– Что? – спрашивает она наконец, очнувшись. – Какая война, зачем?
– Индия предъявила ультиматум Пакистану, или Пакистан Индии, я не понял. Говорят, на этот раз все серьезно. CNN ведет прямую трансляцию, говорят, шахты с ракетами открыли, и сейчас, сейчас… – Азиат задыхается, глаза его от ужаса расширяются и перестают быть азиатскими, он истерично кричит: – Бежим, бежим скорее, профессор собрал всех в конференц-зале. Там… там трансляция, бежим!
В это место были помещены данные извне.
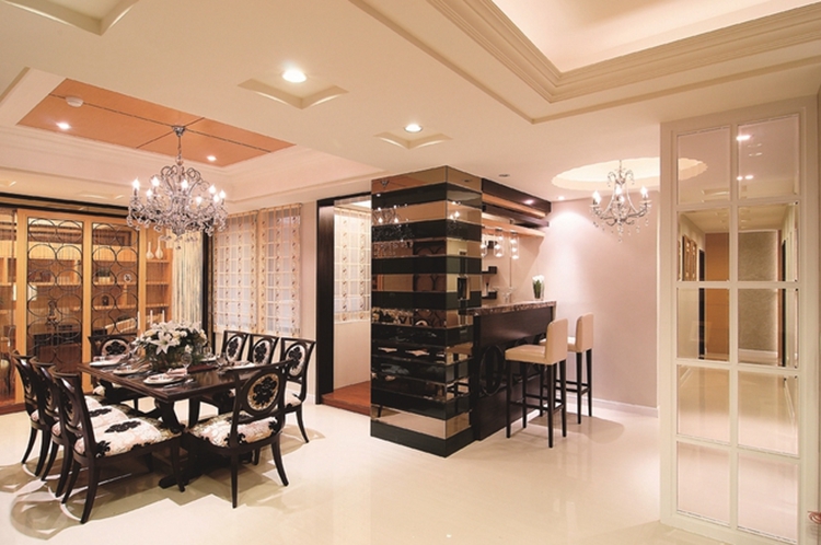 一新古典风格 新古典主义风格,更像是一种多元化的思考方式,是经过改良的古典主义风格。兼容华贵典雅与时尚现代,反映出后工业时代个性化的美学观点和文化品位。在设计上从简单到繁杂、从整体到局部,精雕细琢,镶花刻金都给人一丝不苟的印象。一方面保留了材质、色彩的大致风格,让人感受到传统的历史痕迹与浑厚的文化底蕴,同时又摒弃了过于复杂的肌理和装饰,简化了线条,极具时尚感。简约配合古典文化,浪漫与时尚气息由此而生。
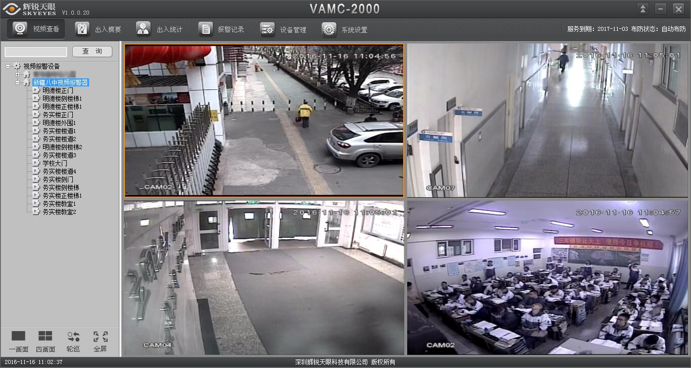 同时,教育主管部门可以通过行业应用管理平台与各个学校的视频报警器无缝对接,实现对各片区学校不同视频监控系统的视频数据统一和集中管理,完成对各学校的视频查看、值班实时监督和报警信息查询。对及时发现学校安全隐患,加强监督、提高安全防范水平起到了极大的推动作用。

– Стоять! – орет Абхилаша, и молодой человек, рванувший было в сторону полукруглого здания обсерватории, замирает. – Стоять, – уже тише повторяет она. – Компьютер с собой? Открывай.
Азиат одет в зеленую смешную толстовку, спереди на нее нашит огромный карман с надписью IQ=MC2. Из него он достает небольшой, видавший виды ноутбук, раскрывает его и ждет дальнейших распоряжений. Он давно любит ее, смерть рядом с ней для него счастье.
– Ускорь в семь раз, – приказывает Абхилаша.
Азиат барабанит пальцами по клавиатуре, и она слышит в наушниках хаотичные пулеметные очереди звездного излучения.
– Выше на три тона.
Пулеметные очереди превращаются в журчание капели.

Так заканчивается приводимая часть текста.